What Writers Still Need to Own
The writer still owns taste, continuity, originality, research, and final voice. If a story depends on historical detail, cultural context, medical facts, legal procedure, or technical worldbuilding, verify those details separately. AI can help draft a scene, but it should not become the only source of truth for the story.
Keep a small project note beside important generations. Record the prompt, the version you kept, the revision you requested, and why the scene works. That note makes future chapters easier because you can preserve voice, character pressure, and world rules instead of rediscovering them every time.
The example pages are designed to make this process visible. They show the prompt, the output, and the editorial questions a writer should ask before turning a draft into a real chapter, short story, or manuscript fragment.
If a generated scene feels close but not right, revise the instruction instead of restarting blindly. Ask for a different opening device, a clearer character desire, less summary, stronger sensory detail, or a version where the conflict appears earlier. Those focused changes make comparison easier and keep the writer in control of direction.

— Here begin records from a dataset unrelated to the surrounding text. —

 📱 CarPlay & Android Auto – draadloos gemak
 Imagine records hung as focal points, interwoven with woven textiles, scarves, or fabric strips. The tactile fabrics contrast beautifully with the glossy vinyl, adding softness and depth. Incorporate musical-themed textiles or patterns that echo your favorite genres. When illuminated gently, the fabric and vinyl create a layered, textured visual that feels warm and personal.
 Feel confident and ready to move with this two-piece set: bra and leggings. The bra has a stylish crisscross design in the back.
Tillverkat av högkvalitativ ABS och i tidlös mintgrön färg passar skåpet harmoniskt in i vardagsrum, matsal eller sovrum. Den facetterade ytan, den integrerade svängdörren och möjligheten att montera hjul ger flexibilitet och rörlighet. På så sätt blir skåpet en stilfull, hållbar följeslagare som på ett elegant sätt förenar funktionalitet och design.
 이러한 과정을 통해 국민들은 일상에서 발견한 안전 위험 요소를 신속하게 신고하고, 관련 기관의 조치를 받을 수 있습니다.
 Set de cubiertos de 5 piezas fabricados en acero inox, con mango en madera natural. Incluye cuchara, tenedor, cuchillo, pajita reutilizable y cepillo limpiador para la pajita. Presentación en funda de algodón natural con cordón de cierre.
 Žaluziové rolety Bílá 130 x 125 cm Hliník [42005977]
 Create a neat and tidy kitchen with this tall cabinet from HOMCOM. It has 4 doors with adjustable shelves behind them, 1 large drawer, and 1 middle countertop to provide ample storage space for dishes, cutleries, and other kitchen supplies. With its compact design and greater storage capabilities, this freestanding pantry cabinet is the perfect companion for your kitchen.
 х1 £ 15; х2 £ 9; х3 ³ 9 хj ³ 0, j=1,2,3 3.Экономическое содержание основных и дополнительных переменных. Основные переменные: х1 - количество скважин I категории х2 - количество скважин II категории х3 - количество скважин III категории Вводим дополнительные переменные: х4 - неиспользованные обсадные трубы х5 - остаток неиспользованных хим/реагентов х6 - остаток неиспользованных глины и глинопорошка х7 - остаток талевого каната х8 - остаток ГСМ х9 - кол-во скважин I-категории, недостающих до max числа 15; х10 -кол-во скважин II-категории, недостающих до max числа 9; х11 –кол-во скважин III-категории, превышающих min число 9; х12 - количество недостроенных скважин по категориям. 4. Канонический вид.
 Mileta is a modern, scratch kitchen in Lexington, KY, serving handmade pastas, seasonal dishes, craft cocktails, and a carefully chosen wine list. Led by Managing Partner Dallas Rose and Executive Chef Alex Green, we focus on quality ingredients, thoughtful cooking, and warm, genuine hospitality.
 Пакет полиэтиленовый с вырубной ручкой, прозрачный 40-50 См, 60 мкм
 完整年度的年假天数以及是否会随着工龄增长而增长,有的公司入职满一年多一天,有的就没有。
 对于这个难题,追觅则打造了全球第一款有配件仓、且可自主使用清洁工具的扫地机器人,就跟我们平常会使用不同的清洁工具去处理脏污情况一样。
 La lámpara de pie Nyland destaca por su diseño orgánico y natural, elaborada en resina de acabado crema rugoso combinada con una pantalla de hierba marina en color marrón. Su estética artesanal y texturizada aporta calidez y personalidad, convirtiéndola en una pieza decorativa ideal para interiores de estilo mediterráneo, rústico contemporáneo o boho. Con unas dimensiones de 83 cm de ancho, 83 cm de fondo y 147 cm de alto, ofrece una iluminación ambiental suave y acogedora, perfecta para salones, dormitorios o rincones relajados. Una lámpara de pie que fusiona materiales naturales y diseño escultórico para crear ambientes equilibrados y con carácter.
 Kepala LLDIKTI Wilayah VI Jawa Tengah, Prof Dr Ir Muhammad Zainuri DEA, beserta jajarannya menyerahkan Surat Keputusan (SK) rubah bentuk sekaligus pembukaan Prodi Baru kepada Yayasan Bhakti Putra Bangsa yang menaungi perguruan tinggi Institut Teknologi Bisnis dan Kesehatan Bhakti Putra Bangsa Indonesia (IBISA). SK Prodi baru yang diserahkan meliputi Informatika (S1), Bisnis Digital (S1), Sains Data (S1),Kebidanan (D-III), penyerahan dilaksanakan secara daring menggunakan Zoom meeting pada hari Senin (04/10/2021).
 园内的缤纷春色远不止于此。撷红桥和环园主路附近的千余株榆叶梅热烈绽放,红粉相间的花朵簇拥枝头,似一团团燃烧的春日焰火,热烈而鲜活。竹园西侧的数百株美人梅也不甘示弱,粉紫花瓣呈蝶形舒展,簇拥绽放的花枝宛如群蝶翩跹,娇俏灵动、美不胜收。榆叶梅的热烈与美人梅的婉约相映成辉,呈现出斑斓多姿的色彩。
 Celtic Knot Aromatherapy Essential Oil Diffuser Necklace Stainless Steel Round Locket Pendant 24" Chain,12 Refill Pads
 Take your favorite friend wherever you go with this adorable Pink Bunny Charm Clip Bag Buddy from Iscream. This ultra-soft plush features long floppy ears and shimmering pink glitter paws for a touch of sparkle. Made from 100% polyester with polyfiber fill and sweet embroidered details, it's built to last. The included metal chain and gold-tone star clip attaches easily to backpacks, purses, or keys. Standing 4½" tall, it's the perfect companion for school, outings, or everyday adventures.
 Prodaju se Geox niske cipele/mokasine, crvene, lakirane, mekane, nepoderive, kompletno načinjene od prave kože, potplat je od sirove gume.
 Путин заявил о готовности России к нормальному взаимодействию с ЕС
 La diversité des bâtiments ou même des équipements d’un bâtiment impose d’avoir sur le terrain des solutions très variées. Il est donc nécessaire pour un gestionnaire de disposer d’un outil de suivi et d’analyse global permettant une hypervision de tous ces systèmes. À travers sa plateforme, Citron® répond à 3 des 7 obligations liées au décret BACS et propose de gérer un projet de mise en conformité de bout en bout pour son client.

For longer projects, keep a living style note. Record point of view, tense, character names, world rules, recurring images, and phrases to avoid. This prevents later scenes from drifting away from the voice that worked in the first draft.
Best fit
Opening scenes, alternate versions, tone exploration, dialogue passes, genre tests, chapter continuations, and early drafts that need momentum.
Poor fit
One-click publishing, unsupported factual claims, copying a living author's voice, or replacing human editing and continuity review.
Before using
Prepare the character, conflict, setting, point of view, tone, and revision goal. The sharper the brief, the more useful the first draft.
A Practical Revision Pass
After a useful draft appears, run one focused revision pass before generating something completely new. Look for the first moment where the scene becomes abstract, the first line where a character explains a feeling instead of revealing it, and the first paragraph that repeats information the reader already has. These are the places where a small instruction can improve the scene more than a full rewrite.
Strong revision prompts are specific: tighten the opening image, move the conflict into the first exchange, reduce backstory, make the dialogue less polite, add one sensory detail from the setting, or make the final line feel unresolved. That keeps the writer in charge of taste and makes each version easy to compare against the previous one.
Before saving the passage, read it aloud once. Repeated sentence shapes, flat verbs, and overexplained emotion usually become obvious when spoken. Mark the lines worth keeping, discard the filler, and carry only the useful material into the real manuscript.
The best use of Quilliam is therefore comparative. Generate two versions with different constraints, keep the sentence or moment that actually moves the story, then rewrite around it in your own voice. That keeps the tool useful for momentum without allowing the draft to flatten character, continuity, or personal style.
On the homepage, this matters because the visitor is deciding whether the tool respects authorship. The answer should be visible in the page: bring your premise, use the draft as material, revise deliberately, and keep the final creative judgment with the writer.